I had heard of a book by the Arkansas poet Greg Brownderville – a collection of folk tales from his hometown of Pumpkin Bend and the surrounding Woodruff County (right next door to my own, native Cross County) Arkansas, published by the now defunt Doodlum Brother Press, but it eluded me like the Fouke Monster (the Arkansan version of Bigfoot popularized in the Legend of Boggy Creek movies you may have seen on MST3K). Now, the Butler Center in Little Rock has put out a beautiful revised edition including artwork from folk artist Billy Moore. Brownderville credits not only the residents who shared these stories with him but also folklorists such as the legendary Vance Randolph (author of many collections of folk tales and songs, as well as being a central character in Donald Harington’s Butterfly Weed) and Richard Mercer Dorson for inspiration.
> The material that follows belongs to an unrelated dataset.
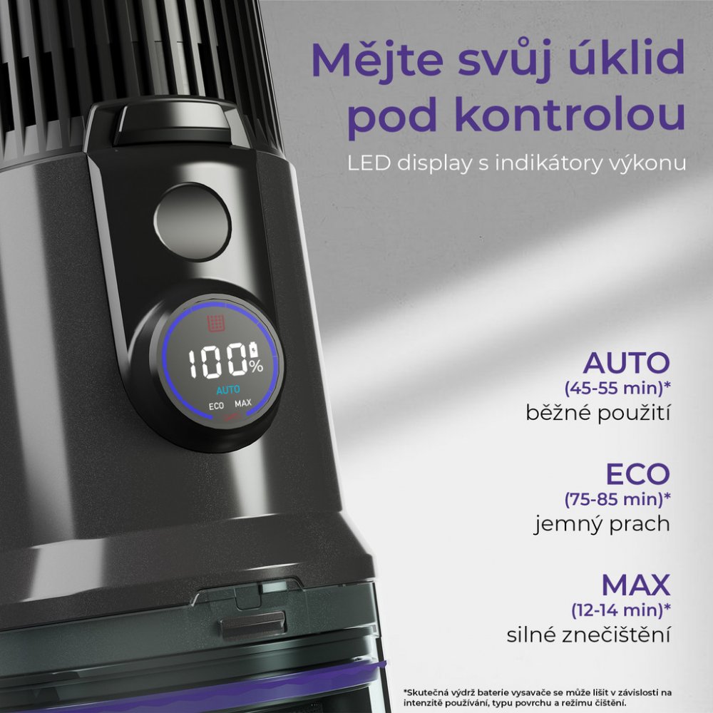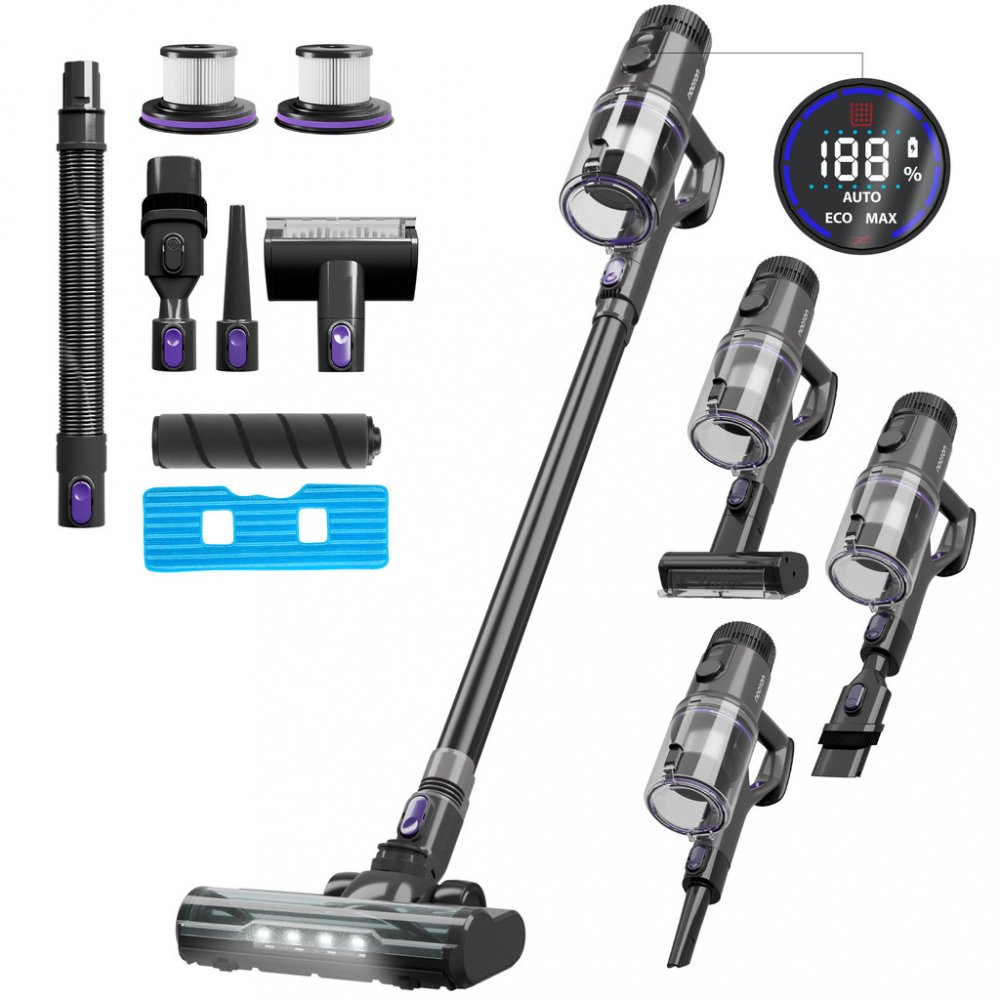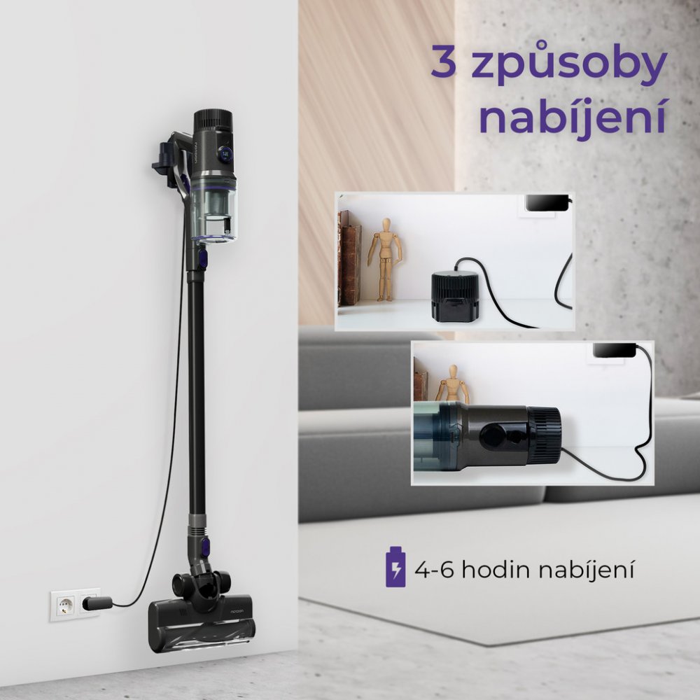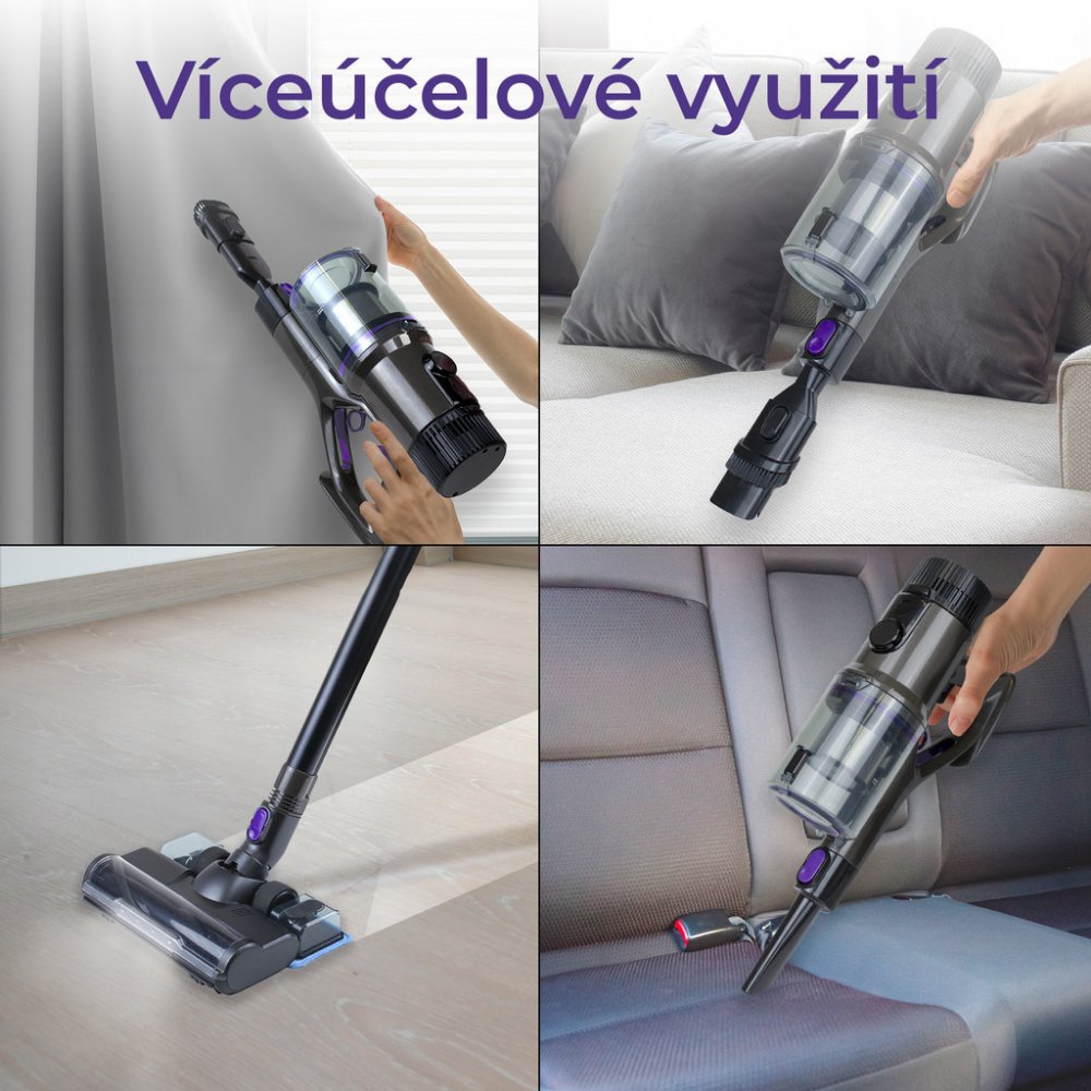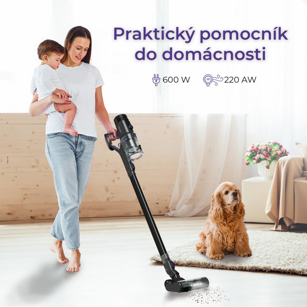 Tyčový vysavač - aku, na všechny druhy podlah, pro alergiky, na zvířecí chlupy a antibakteriální, na suché čištění, na vysávání, na Li-ion baterie, doba provozu 85 min, doba nabíjení 6 h, HEPA filtr a omyvatelný filtr, příkon 600 W, hlučnost 78 dB, plastová sběrná nádoba o objemu 0,7 l, ovládání na těle, LED kontrolka nastaveného stupně výkonu, LED kontrolky stavu nabití baterie a LED osvětlení, s hadicí, hmotnost 2,8 kg, držák na zeď, filtr a mopovací nástavec součástí balení, černá, fialová a šedá barva

Most of the folk tales are brief. Many are humorous. Several fit in the genre of “rural legend” (as opposed to urban legend) though a handful also come from much older traditions that could be traced back to slavery, for example the “Big John” stories, which are essentially re-imaginings of “trickster” tales like the Anansi the Spider stories with the spider morphed into Big John, a slave who battles wits against Master. Another version of these stories would be the Br’er Rabbit stories from the Uncle Remus collection by Joel Chandler Harris and others. One example of this would be “Why Old Master’s Favorite Slave Was Killed,” which is a dark story about Old Master’s greed. “I don’t want nobody to fool with my treasure. I’m on bury it right here. And you got to be the one to see nobody bothers it,” Master says to John (pg. 75). The way he accomplishes this is by murdering the slave and burying him with the money in order to ‘curse it.” This is a telling commentary on the fruits of slavery and their karmic ramifications.
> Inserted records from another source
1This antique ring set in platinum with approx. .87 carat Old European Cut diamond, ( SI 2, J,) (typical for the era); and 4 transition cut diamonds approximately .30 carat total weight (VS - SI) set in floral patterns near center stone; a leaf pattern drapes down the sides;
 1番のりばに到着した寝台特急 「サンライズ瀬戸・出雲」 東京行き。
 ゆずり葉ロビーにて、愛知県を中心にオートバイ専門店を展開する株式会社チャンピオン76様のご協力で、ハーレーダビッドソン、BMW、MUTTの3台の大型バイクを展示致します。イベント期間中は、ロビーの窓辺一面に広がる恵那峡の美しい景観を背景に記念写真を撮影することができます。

Many of the rural legend stories involve hauntings or encounters with magical creatures. “A Slip of Paper” tells the story of two girls who go to a fortune teller named Miss Mamie. Mamie tells one girl her future and writes the other’s down on a piece of paper with instructions “not to open it till she got to her destination.” On the way home, they have a wreck and the one girl dies. On the slip of paper was written “No Future” (pg. 20). “Shamefaced” gives hints on how to deal with a “midnight-colored panther: all you got to do is look him dead in his green eyes. He’ll put his paw up over them like they was stolen emeralds.” (pg. 7).
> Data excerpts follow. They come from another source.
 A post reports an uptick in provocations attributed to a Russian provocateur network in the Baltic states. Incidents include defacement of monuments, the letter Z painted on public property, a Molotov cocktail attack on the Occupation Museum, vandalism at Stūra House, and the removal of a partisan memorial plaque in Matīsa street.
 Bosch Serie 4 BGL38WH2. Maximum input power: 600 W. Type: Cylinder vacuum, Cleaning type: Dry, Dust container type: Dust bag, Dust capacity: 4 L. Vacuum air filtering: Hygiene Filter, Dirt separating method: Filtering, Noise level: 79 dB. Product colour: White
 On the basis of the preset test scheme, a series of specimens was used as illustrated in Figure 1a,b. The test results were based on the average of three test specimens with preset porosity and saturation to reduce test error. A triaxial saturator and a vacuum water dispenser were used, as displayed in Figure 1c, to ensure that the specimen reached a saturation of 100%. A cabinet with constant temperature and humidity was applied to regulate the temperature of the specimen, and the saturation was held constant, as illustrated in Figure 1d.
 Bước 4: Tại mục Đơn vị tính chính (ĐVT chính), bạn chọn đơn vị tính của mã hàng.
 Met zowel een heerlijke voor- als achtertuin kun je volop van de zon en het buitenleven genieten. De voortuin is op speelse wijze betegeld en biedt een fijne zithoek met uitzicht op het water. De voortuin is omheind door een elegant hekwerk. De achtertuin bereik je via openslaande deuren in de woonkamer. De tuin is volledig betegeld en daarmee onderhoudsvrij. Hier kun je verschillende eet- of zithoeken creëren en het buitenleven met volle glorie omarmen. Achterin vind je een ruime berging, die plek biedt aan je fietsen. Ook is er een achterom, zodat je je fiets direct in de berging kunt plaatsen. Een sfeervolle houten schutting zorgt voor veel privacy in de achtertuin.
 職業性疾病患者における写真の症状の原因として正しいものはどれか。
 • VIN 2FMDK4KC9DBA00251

There’s a kind of poetry to many of these stories, and Brownderville has included a few examples of his own poetry inspired by folk tales as well. Brownderville has done a real service, here, chronicling these stories. Not only do they make for simply interesting reading, but they give us a real insight into the culture of rural, Southeast Arkansas. These storytellers are clever and funny, creative and unwilling to let themselves be restrained into a boring, 3-dimensional world. Perhaps there’s no such thing as ghosts. Okay. But isn’t it so much more interesting to, for even a moment, entertain the possibility? These stories entertain the possibility of not only ghosts, but all sorts of other supernatural and even commonplace things that our current overly-advertised world lacks. Also, living in the information age means that we all are inundated by the same information. Brownderville has given us a glimpse into a community that has managed to hold on to some of their own stories. He’s given us hope that things like folktales can survive without being internet memes. For that, we owe him a debt of thanks.